There's obviously the cost in toxicity to the patient. The balance between early toxicity and sometimes even early mortality - and late benefit. So, you know, there is a balance of benefits and risks going on; which is sort of masked by a P value.

There is also, I think, particularly in places like the UK with a finite health budget, there is an issue of what is actually worth doing in terms of value for money as well as everything else. I think that's really important; is to understand all of those things. And this is where estimation comes in.

So you can say that something is significant. Well it could actually have an effect that is too small to worry about. What you want to say is that this effect is going to be big enough even -- You know... What you really want is a slam dunk. You know?

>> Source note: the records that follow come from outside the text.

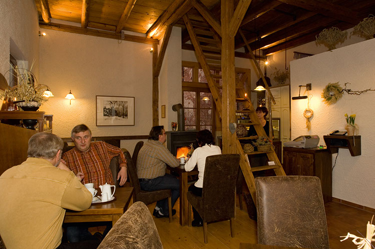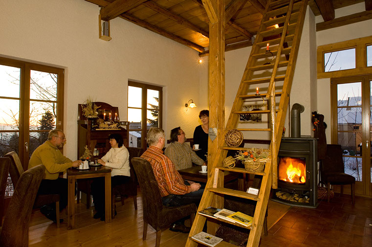 "Kleines Café in der Scheune" – hier können Sie Ihren Urlaub nach der Anreise bei einem Cappuccino oder einer Tasse Kaffee ruhig und entspannt beginnen.
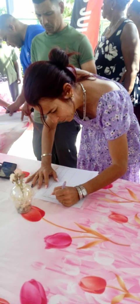 El acto contó con la presencia de Zulia Muñoz González, primera secretaria del Comité Municipal del Partido en el Cotorro; Yerandi Delgado Pérez, presidente de la Asamblea Municipal del Poder Popular; y Álvaro Álvarez Torres, intendente municipal, quienes fueron los primeros en firmar.
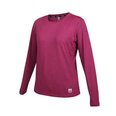 FIRESTAR 女彈性圓領長袖T恤-慢跑 路跑 運動 上衣 吸濕排汗 反光 玫紅
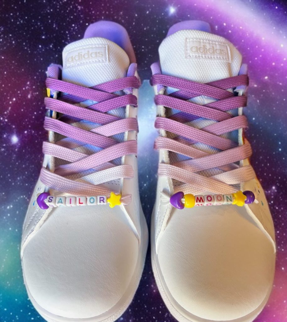 Έχω βάψει το εσωτερικό του παπουτσιού & έχω βάλει χρωματιστά κορδόνια με χάντρες που γράφουν το «Sailor Moon».
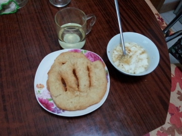 肉松面包、韭菜鸡蛋饼、油泼扯面、蟹肉钟水饺

The smallest possible estimate of the effect here is big enough to be worth doing. And now you're convincing the payers to actually do it.

:: 13:31

:: 13:32

So I like estimation. I think estimation is a very good way of looking at things. It tells you sort of, you know, how many people you need to treat to save a life; to give so many life years. And I also like the idea of breaking down these sorts of crude composites, like overall survival, into understanding what's - in hematology - likely to be an early dis-benefit because of giving a toxic drug versus a later benefit.

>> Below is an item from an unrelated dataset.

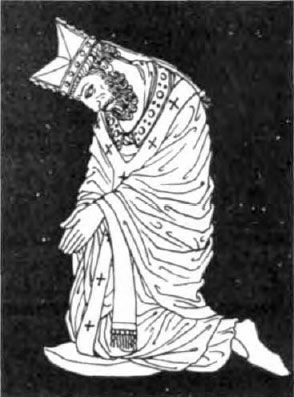 An odd, old drawing of a priest with hands in prayer, but aimed downwards toward Satan!

Other diseases - it's the other way around. So, you know, we give

anthracyclines in AML; and the risk of the anthracycline is induction death. You give anthracyclines in breast cancer- and the way it's given - there's not a huge rate of induction death, but there is actually a linked risk of developing AML and heart disease with it.

So the different time windows - the horizons - differ, according to your setting. That's important to understand. I think as we get better and better and better and the drugs get more and more expensive for more and more marginal benefits, understanding what you can do with a basic drug and what you can do with an expensive drug is very important.

Not least because you'd like to deploy the expensive drug. And the toxic drug, in particular, as infrequently as you have to.

And this is why there are still debates over the value of transplant in certain areas of hematology. It's because obviously the benefits are not gigantic. They're moderate. There are disbenefits - quality of life, transplant-related mortality and morbidity. And you have to say to yourself: "Well, where is the balance point?", in order to give somebody a transplant and not do more harm than good.

of view of being a [inaudible: 16:15

:: 16:19

:: 16:36

The good trend is, in the sense, trials are much more likely to have a proper sample size calculation and we are much more likely to see asset ratios and confidence intervals; so that you can actually see the effect size that's going on.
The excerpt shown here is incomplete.